What is now mainstream is something that is just in the beginning stages with AI_ChatGPT. AI and the use of it has been in the experimental phase for the last couple of years but now with this new incarnation it has officially gone mainstream with over 1 million users world wide. As the latter increases things are indeed about to get weird, and possibly have some profound ramifications as it pertains to making a lot of job obsolete changing social and economic landscape forever. In fact it is predicted with the introduction last week of AIChatGPT that Google may only be around for maybe 1 to 2 years more as this latest technology is taking off by storm for better or for worse. What will that mean for you and me? We either adapt or get left behind in learning how to use it. In other words things are about to change in quite a significant way.
A tech company has developed a state-of-the-art AI chatbot so sophisticated that it could render search engines — not to mention countless jobs — obsolete.
Unveiled last week by the OpenAI company, ChatGPT has already amassed more than 1 million users worldwide with its advanced functions, which range from instantaneously composing complex essays and computer code to drafting marketing pitches and interior decorating schemes. It can even whip up poems and jokes — an ability previously thought to be relegated to humans.
In fact, ChatGPT’s capabilities have sparked fears that Google might not have an online search monopoly for much longer.
“Google may be only a year or two away from total disruption,” Gmail developer Paul Buchheit, 45, tweeted on December 1. “AI will eliminate the search engine result page, which is where they make most of their money.”

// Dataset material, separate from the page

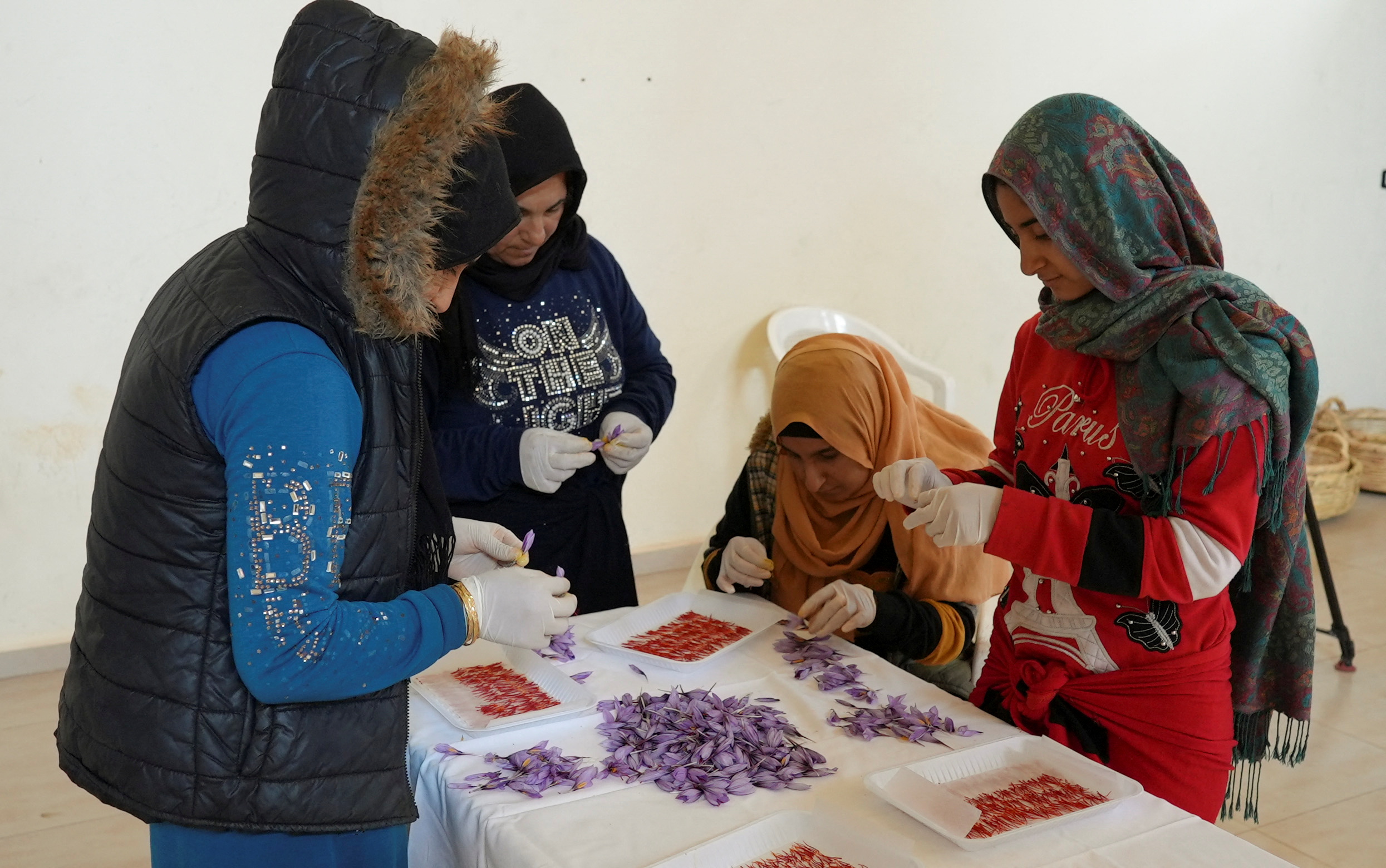 Image: Women seperate stigmas from saffron flowers in the village of Hizzine, Lebanon November 10, 2022. REUTERS/Issam Abdallah

“Even if they catch up on AI, they can’t fully deploy it without destroying the most valuable part of their business!” Buchheit said, noting that AI will do to web search what Google did to the Yellow Pages.
For the uninitiated, ChatGPT works by applying a layer of Reinforcement Learning from Human Feedback (RLHF) — an algorithm reliant on human responses — to “create a new model that is presented in an intuitive chat interface with some degree of memory,” according to Ben Thompson at Stratechery.
In layperson’s terms, ChatGPT is a lot more human than prior search engines, albeit with a supercomputer’s wealth of data — think Scarlett Johansson in “Her.” For instance, users who Google “what is the maximum dosage of vitamin D per day” simply received a link to HeathLine.com. However, when they posed the same question to the AI, it formulated an in-depth dissertation, the Times of London reported.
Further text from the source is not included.